§ **Exercise objective**: Drop the pictures and extract exactly the lines from the one that contains "Figure 5. The" through the end of the material.

____ Entries supplied

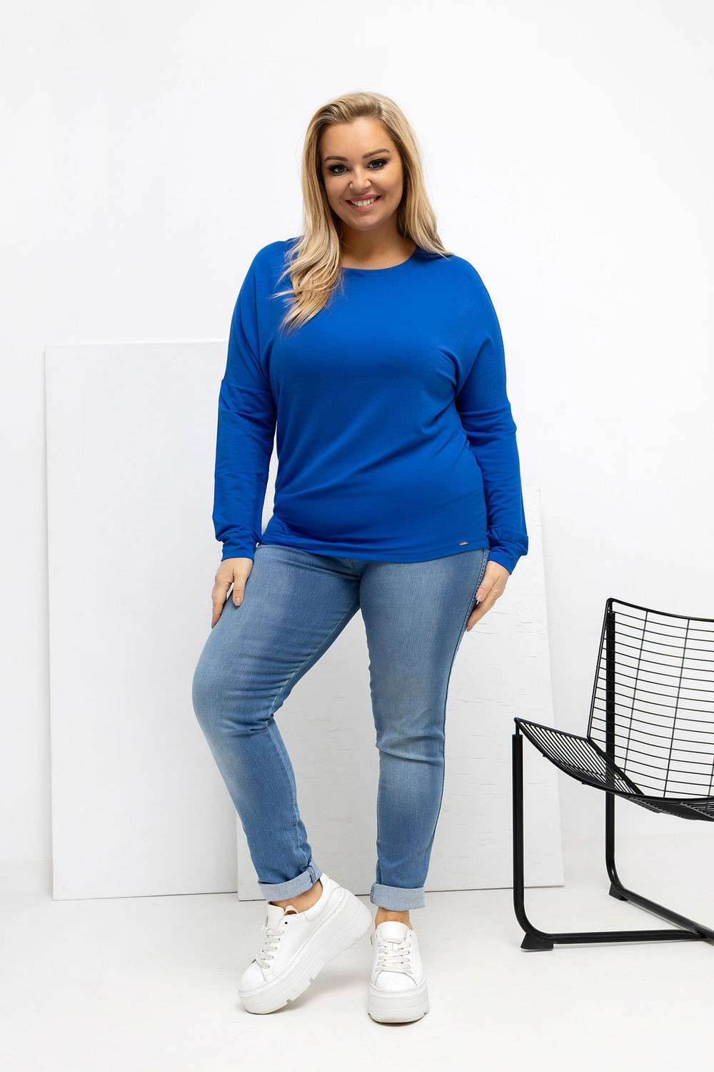 Blůza plus size s klasickým, kulatým výstřihem, navržená s ohledem na pohodlí a každodenní nošení. Model v casual stylu, ideální pro každodenní příležitosti do práce, pro procházky nebo setkání v neformálním kruhu. Hladký vzor dělá blůzu univerzální a snadnou k stylingu. Vyrobená z vysoce kvalitního mikro modálu s přídavkem elastanu, materiál je mimořádně měkký, lehký a pružný, díky čemuž skvěle padne k postavě, neomezujíc pohyby. Standardní délka a dlouhý rukáv zajišťují pohodlné nošení po celý den. Bez zapínání zdůrazňuje jednoduchý, pohodlný střih. Je to skvělá základna pro mnoho každodenních outfitů jak s džíny, tak s sukni.
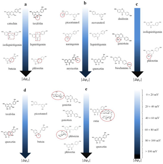 Figure 5. The relationships between the structure of polyphenols and their dipole-modifying ability. (a) The independence of dipole-modifying effect of polyphenols on the presence of the carbonyl group, heterocycle and double bond in the fragment linking the phenolic rings of molecules (from top to bottom); (b) The independence of dipole-modifying effect on inclusion of an additional OH group in the molecules of flavanones, flavonols, and stilbenoids (from top to bottom); (c) The dependence of dipole-modifying ability of isoflavones (left side) and chalcones/dihydrochalcones (right side) on the inclusion of additional OH- and methyl groups; (d) The dependence of dipole-modifying ability of flavonoid on the presence of the double bond in the heterocycle (left side) and the oxidation and length of the fragment linking the phenolic rings (right side); (e) The dependence of dipole-modifying ability of flavonoids on the glycosylation of isoflavones/dihydrochalcones (left side) and flavonols (right side). - (3)
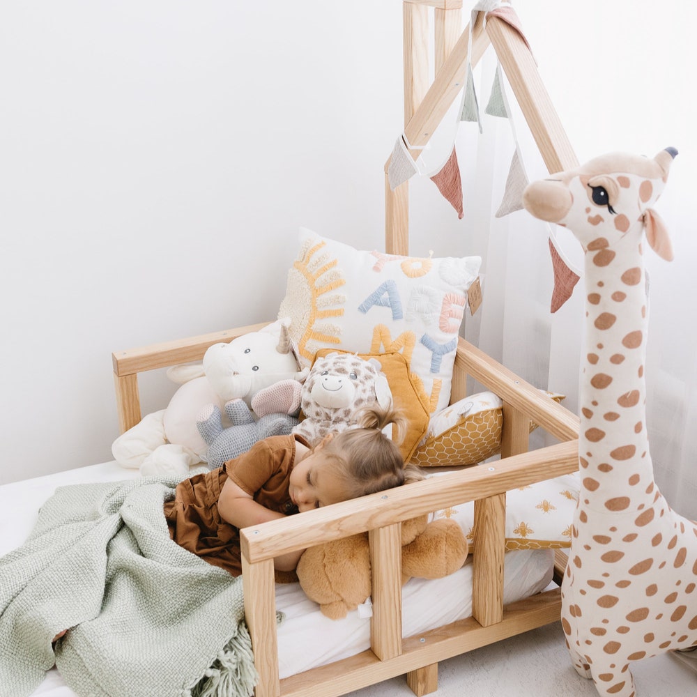 This Montessori wooden floor toddler bed embodies the principles of the Montessori educational approach by offering a safe, accessible, and aesthetically pleasing sleep environment that empowers your child to take charge of their sleep routine and engage with their surroundings independently.
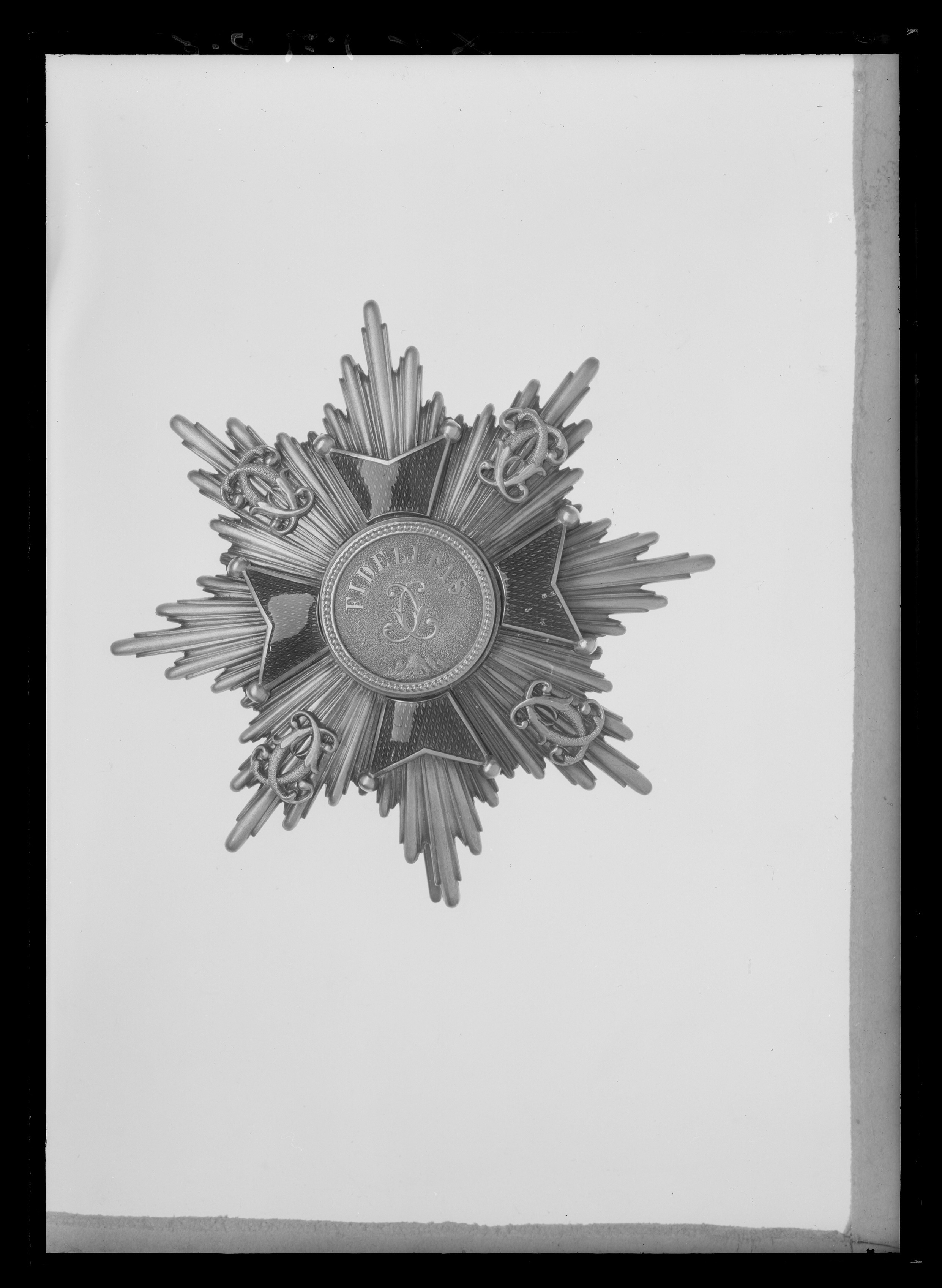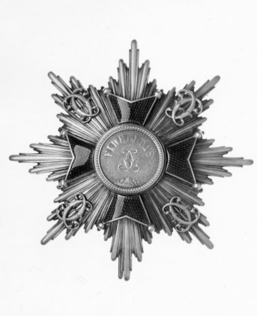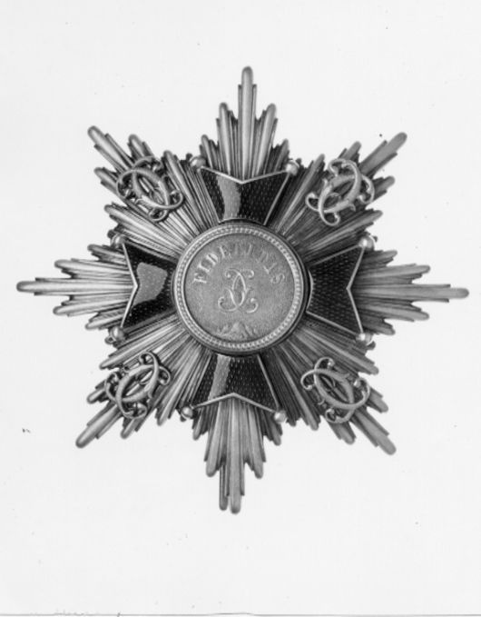 Åttauddig strålstjärna av silver, varannan stråle konvex, varannan konkav. Därpå fäst ett malteserkors av förgyllt silver, armarna täckta med röd genomsynlig emalj, kulor på spetsarna. Medaljong av förgyllt silver med i relief mot punsad botten: "FIDELITAS", spegelmonogram C och nertill bergstoppar. På stjärnans fyra diagonala strålknippen fäst spegelmonogram C av förgyllt silver. På baksidan fäst vertikalt placerad säkerhetsnål- av silver. På nålens utsida stämplat:"L. PAAR", samt Karlsruhes stadsstämpel, krönt sköld med Badens balk.
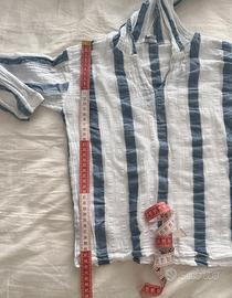 Bellissima camicia estiva a righe bianche e azzurre, realizzata artigianalmente in Grecia. Fresca, leggera e traspirante, perfetta per l’estate, il mare o look casual eleganti.

________

§ **Output**:
 Figure 5. The relationships between the structure of polyphenols and their dipole-modifying ability. (a) The independence of dipole-modifying effect of polyphenols on the presence of the carbonyl group, heterocycle and double bond in the fragment linking the phenolic rings of molecules (from top to bottom); (b) The independence of dipole-modifying effect on inclusion of an additional OH group in the molecules of flavanones, flavonols, and stilbenoids (from top to bottom); (c) The dependence of dipole-modifying ability of isoflavones (left side) and chalcones/dihydrochalcones (right side) on the inclusion of additional OH- and methyl groups; (d) The dependence of dipole-modifying ability of flavonoid on the presence of the double bond in the heterocycle (left side) and the oxidation and length of the fragment linking the phenolic rings (right side); (e) The dependence of dipole-modifying ability of flavonoids on the glycosylation of isoflavones/dihydrochalcones (left side) and flavonols (right side). - (3)
 This Montessori wooden floor toddler bed embodies the principles of the Montessori educational approach by offering a safe, accessible, and aesthetically pleasing sleep environment that empowers your child to take charge of their sleep routine and engage with their surroundings independently.
 Åttauddig strålstjärna av silver, varannan stråle konvex, varannan konkav. Därpå fäst ett malteserkors av förgyllt silver, armarna täckta med röd genomsynlig emalj, kulor på spetsarna. Medaljong av förgyllt silver med i relief mot punsad botten: "FIDELITAS", spegelmonogram C och nertill bergstoppar. På stjärnans fyra diagonala strålknippen fäst spegelmonogram C av förgyllt silver. På baksidan fäst vertikalt placerad säkerhetsnål- av silver. På nålens utsida stämplat:"L. PAAR", samt Karlsruhes stadsstämpel, krönt sköld med Badens balk.
 Bellissima camicia estiva a righe bianche e azzurre, realizzata artigianalmente in Grecia. Fresca, leggera e traspirante, perfetta per l’estate, il mare o look casual eleganti.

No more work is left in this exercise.